Bug #9678 Client library hangs after network communication failiure
Submitted: 6 Apr 2005 13:51 Modified: 13 Oct 2006 18:12
Reporter: Andy Hobbs Email Updates:
Status: Closed Impact on me:
None 
Category:MySQL Server: C API (client library) Severity:S2 (Serious)
Version:4.1.10a OS:Linux (Linux 2.4)
Assigned to: CPU Architecture:Any

[6 Apr 2005 13:51] Andy Hobbs
Description:
This may at first seem like a repeat of Bug #4143 but I believe have found a bug not a feature request.

In brief the bug is:
If a connection is terminated without being closed, usually caused by a hardware error, all the client library functions will hang when called for approximatley 15 minutes. This is due to a blocking read in vio_read(). The previous bug report suggested implementing read/write timeouts as a solution

Although implementing a read/write timeout would reduce the time spent waiting in the situation described in the afore mentioned bug it won't fix the bug.

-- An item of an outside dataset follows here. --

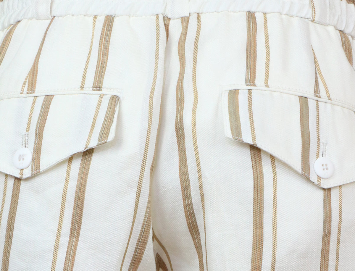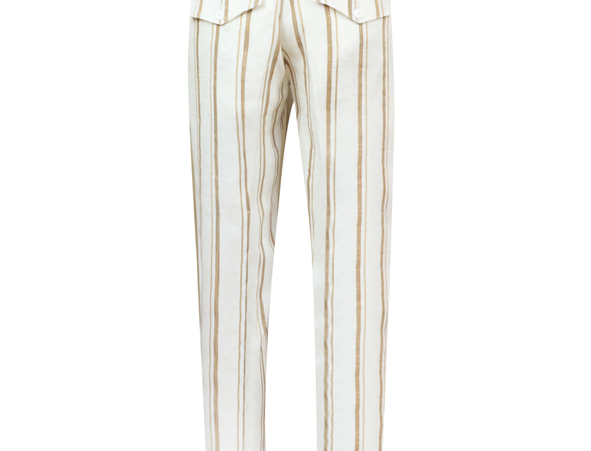陽気で楽しいこの季節に向けて、ストライプをさらに進化させたこのスリムカットのシルエットは、機能的なポケット、ベルトループ、ボタン留めの延長ウエストバンドが特徴です。この主張のあるアイテムをベーシックな T シャツと合わせてスタイルのバランスを整え、お気に入りのスニーカーを合わせてください。

Using mysql_ping() as an example:
1) Connection is established to the server
2) hardware failure occurs, server disapears off the network
3) the Ping request is sent to the server using vio_write() 
4) vio_read() is called and blocks for 15 minutes

After the write occurs a network error is returned almost immediately which can be detected using select() specifying both a read fd_set and a write fd_set. The error returned in this scenerio is "No route to host" which is not an error significant enough to cause read() or write() to return -1 as the route may become available.

I think this is a bug becsuse the operating system is reporting an error which MySQL is ignoring.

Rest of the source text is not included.